Senior officials from the ministries of labour, human resources, and employment in Abu Dhabi Dialogue member countries convened in two of the working sessions and discussed ways for facilitating and enhancing skills mobility between labour sending and receiving countries in line with the future prospects of work.
The first session addressed key guidelines for building successful partnerships between countries to streamline skill transfer between sending and receiving countries, based on the evolving needs of labour markets and economic growth strategies in labour-receiving countries.
Jason Gagnon, Head of the Migration and Skills Unit at the Organisation for Economic Co-operation and Development (OECD), spoke at the session, highlighting the importance of developing the skills of workers in labour-sending countries, in line with the requirements and work environment in labour-receiving countries, in order to achieve balance and harmony between workers’ skills and labour market requirements, as well as to enhance the role that temporary workers play in accelerating economic growth and offering added value to labour-receiving markets.
Meanwhile, the second session, which featured Kishore Kumar Singh, Senior Skills Development Specialist at the Decent Work Technical Support Team of the International Labour Organisation (ILO) Regional Office for Arab States, underlined the most effective ways to match labour mobility with the needs of the labour market. The session discussed the importance of matching migrant workers’ skills and experiences with labour market requirements and future economic development goals in labour-receiving countries, in order to ensure the success and sustainability of labour mobility. This, he said, allows workers to seize the greatest possible opportunities, where they develop their skills in their home countries based on the latest requirements and modern systems adopted by labour-receiving countries.

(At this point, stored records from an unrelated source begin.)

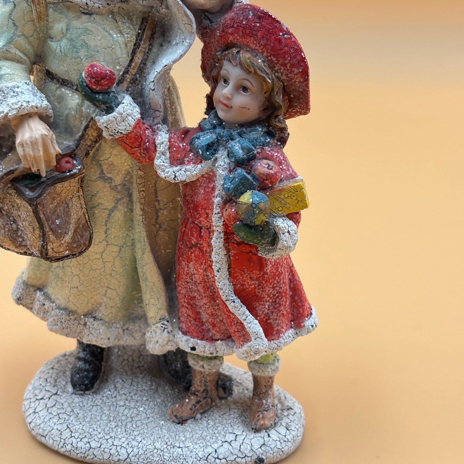 Vintage Crackle Santa and Girl Figurine with Glitter Finish
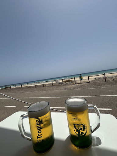 No es un Chiringuito de playa!! Esto no es un chiringuito de playa. El servicio y la amabilidad del personal es de primera. Pídeles que te preparen algo para el día siguiente y te darás cuenta de lo que te digo, no te limites al "cortado" después del todo incluído del hotel o a sandwiches, hamburguesas y pizzas. Nosotros hemos comido alguna que otra vez lo típico que tiene (atún a la plancha muy rico, calamares a la romana...), pero el pasado viernes santo, comentando la bondad del arroz de otro lugar, me comentan que son especialistas en arroz y fideuá aunque lo hacen por encargo. Pedimos fideuá para tres para el día siguiente y "BOOM", la fideuá es la bomba. Bien preparada con los fideos en su punto, "tropezones" por doquier (calamar, pescado, mejillones...) y una melosidad que no había probado hasta ahora. Indudablemente, un descubrimiento que no podremos obviar en nuestras próximas visitas a la isla (Jarra de cerveza, caña, refresco grande, pan, fideuá para tres -más de seis...
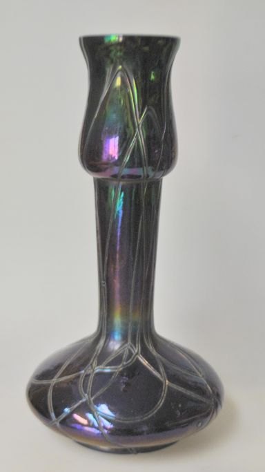 Loetz vase, jugendstil, ca. 1900. Af irriseret glas med forløb af stegdekorationer af glas. H.: 29 cm.
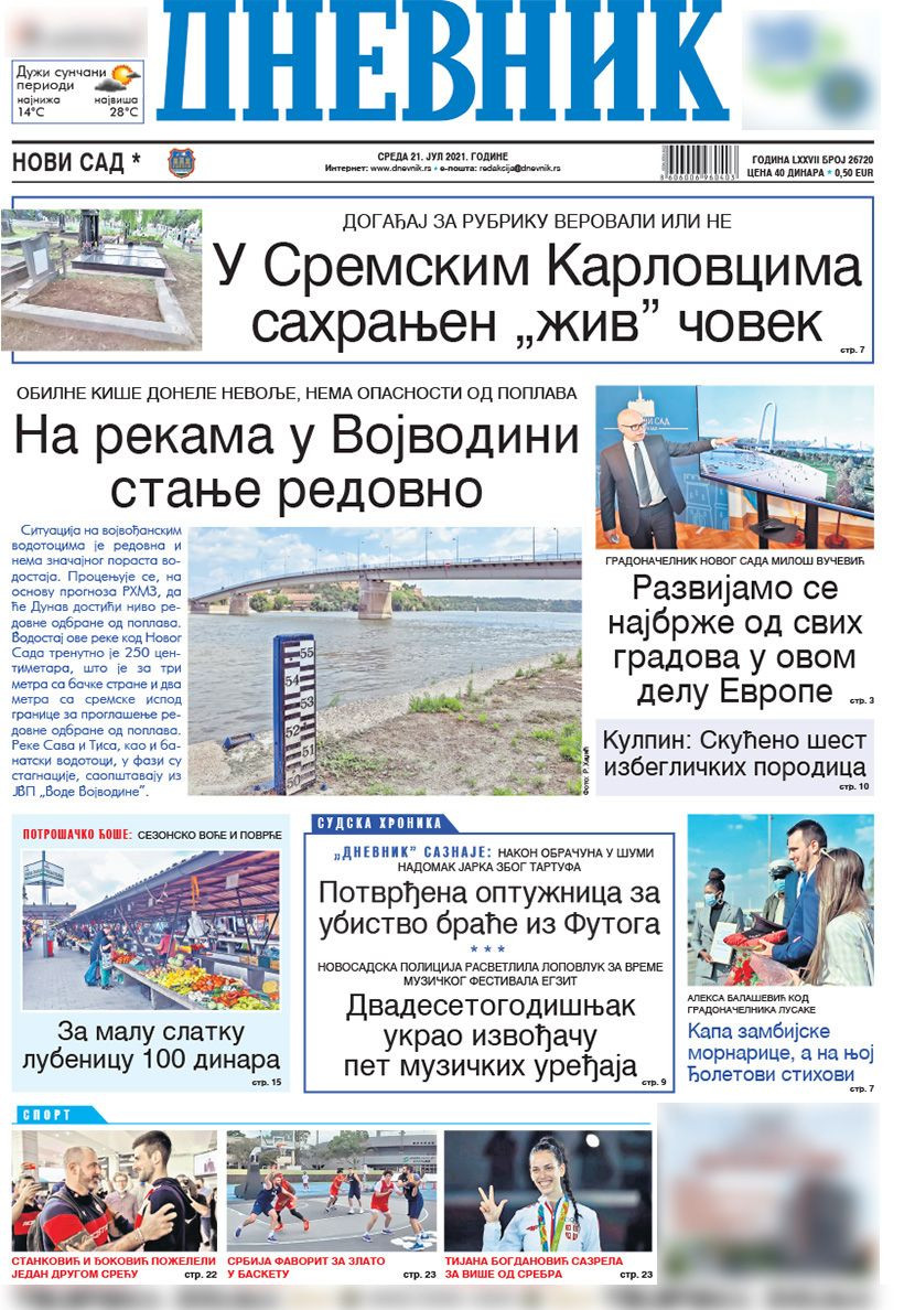 Prelistavanje štampe za sredu, 21. jul 2021. godine

Two of the working sessions included meetings to discuss ways to integrate gender equality into the framework of employment policies of Abu Dhabi Dialogue member nations. The first session examined current and potential demand for employing female workers in the field of technology, as well as ways to facilitate access to tech-related sectors to enhance women’s participation in labour markets.
The session featured Dr. Jean D’Cunha, Senior Global Advisor on International Migration, Decent Work, and Entrepreneurship at UN Women, and discussed the need to enhance women’s participation and integration in the labour market considering the major technological developments, transforming various business sectors, which have led to a significant expansion in suitable jobs for female workers, reducing the number of highly intense, which are unsuitable for women.
The second session covered ways to better evaluate women’s employment, and strategies for achieving equity and expanding women’s participation in labour markets, especially in the health sector. Speaker Tanja Dedovic, Senior Regional Thematic Specialist for Labour Mobility and Social Inclusion at the International Organisation for Migration (IOM) explained the importance of women’s participation in the labour market, the major role they play, and the vast areas where they can excel.
Activities of the Seventh Abu Dhabi Dialogue Ministerial Consultation are scheduled to officially begin on Sunday, 11 February, where ministers of labour, human resources, and employment will discuss the outcomes of the working sessions held by senior officials to review recommendations and make appropriate decisions.
The UAE hosts the Permanent Secretariat of the Abu Dhabi Dialogue, which was launched in 2008 as a forum for dialogue and cooperation between Asian labour sending and receiving countries.